Within the listing that follows, reproduce exactly the lines starting at the line with "For starters, we" and ending at the line with "Wind turbines at", inclusive, and only those. Pictures are dropped.

==== DATA EXCERPTS

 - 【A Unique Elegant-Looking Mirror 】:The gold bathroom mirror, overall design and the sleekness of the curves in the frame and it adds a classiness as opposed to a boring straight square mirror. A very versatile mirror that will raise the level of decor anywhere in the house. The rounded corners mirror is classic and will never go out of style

========
==== DATA EXCERPTS

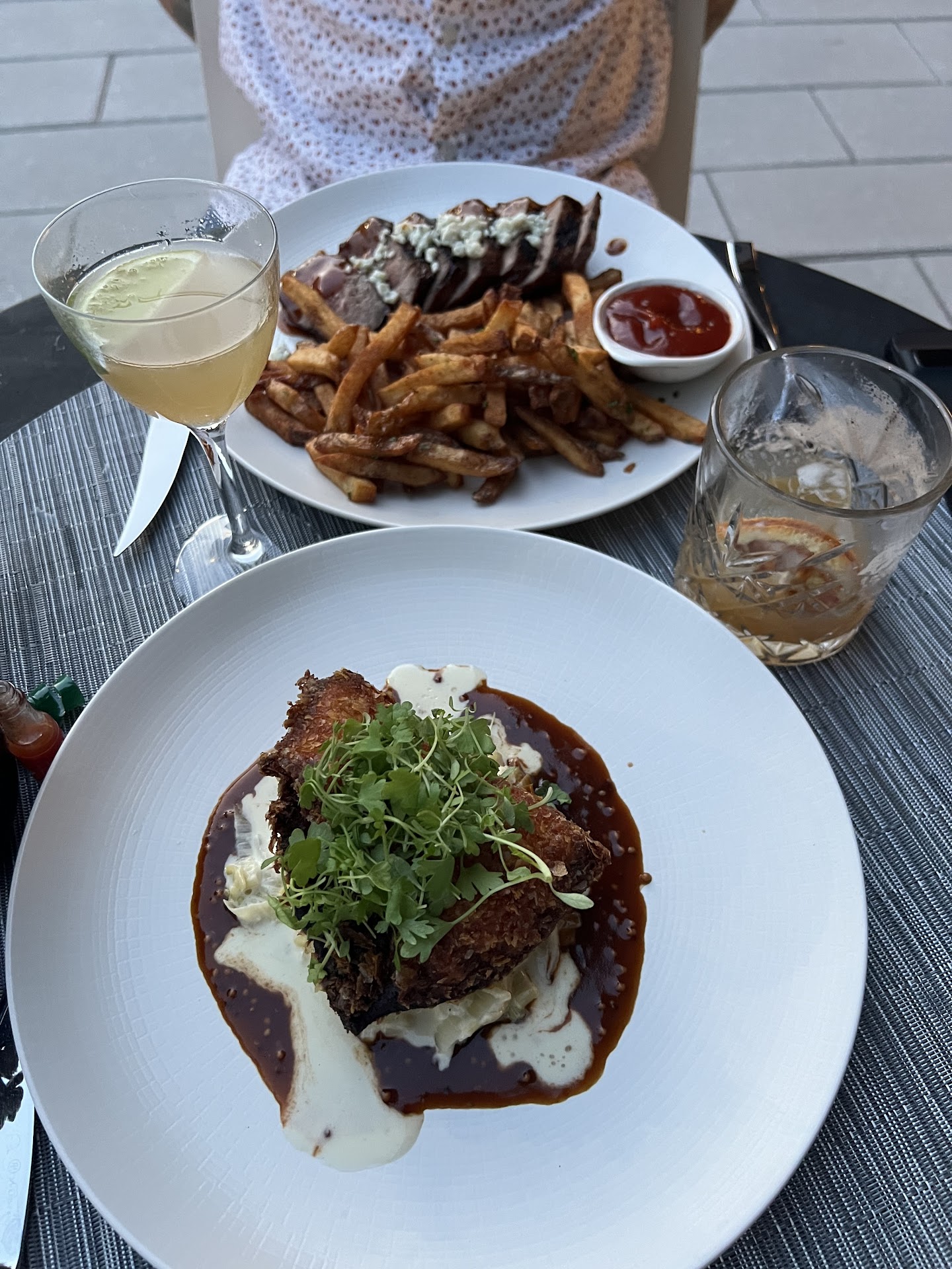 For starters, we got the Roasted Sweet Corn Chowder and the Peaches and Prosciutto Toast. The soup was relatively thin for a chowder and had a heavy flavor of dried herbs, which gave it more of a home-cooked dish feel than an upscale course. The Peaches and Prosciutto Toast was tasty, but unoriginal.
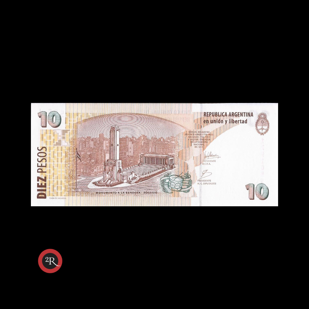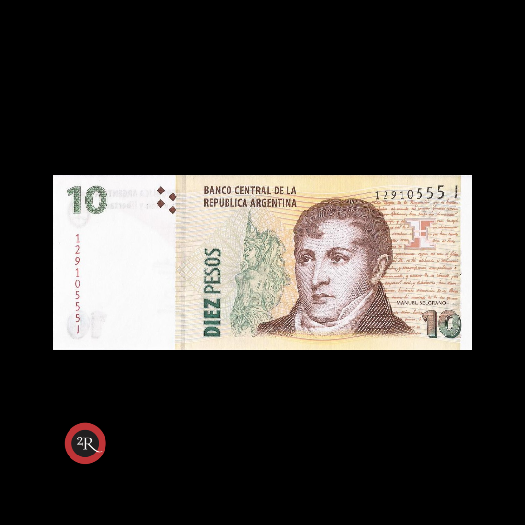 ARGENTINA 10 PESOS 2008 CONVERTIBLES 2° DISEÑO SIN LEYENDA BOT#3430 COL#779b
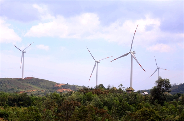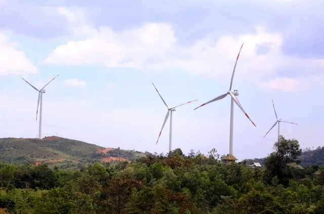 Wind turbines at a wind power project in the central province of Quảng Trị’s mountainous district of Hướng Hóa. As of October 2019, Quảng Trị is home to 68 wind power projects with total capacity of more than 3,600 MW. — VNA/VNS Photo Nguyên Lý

========

> _PROBLEM SOLUTION_
 For starters, we got the Roasted Sweet Corn Chowder and the Peaches and Prosciutto Toast. The soup was relatively thin for a chowder and had a heavy flavor of dried herbs, which gave it more of a home-cooked dish feel than an upscale course. The Peaches and Prosciutto Toast was tasty, but unoriginal.
 ARGENTINA 10 PESOS 2008 CONVERTIBLES 2° DISEÑO SIN LEYENDA BOT#3430 COL#779b
 Wind turbines at a wind power project in the central province of Quảng Trị’s mountainous district of Hướng Hóa. As of October 2019, Quảng Trị is home to 68 wind power projects with total capacity of more than 3,600 MW. — VNA/VNS Photo Nguyên Lý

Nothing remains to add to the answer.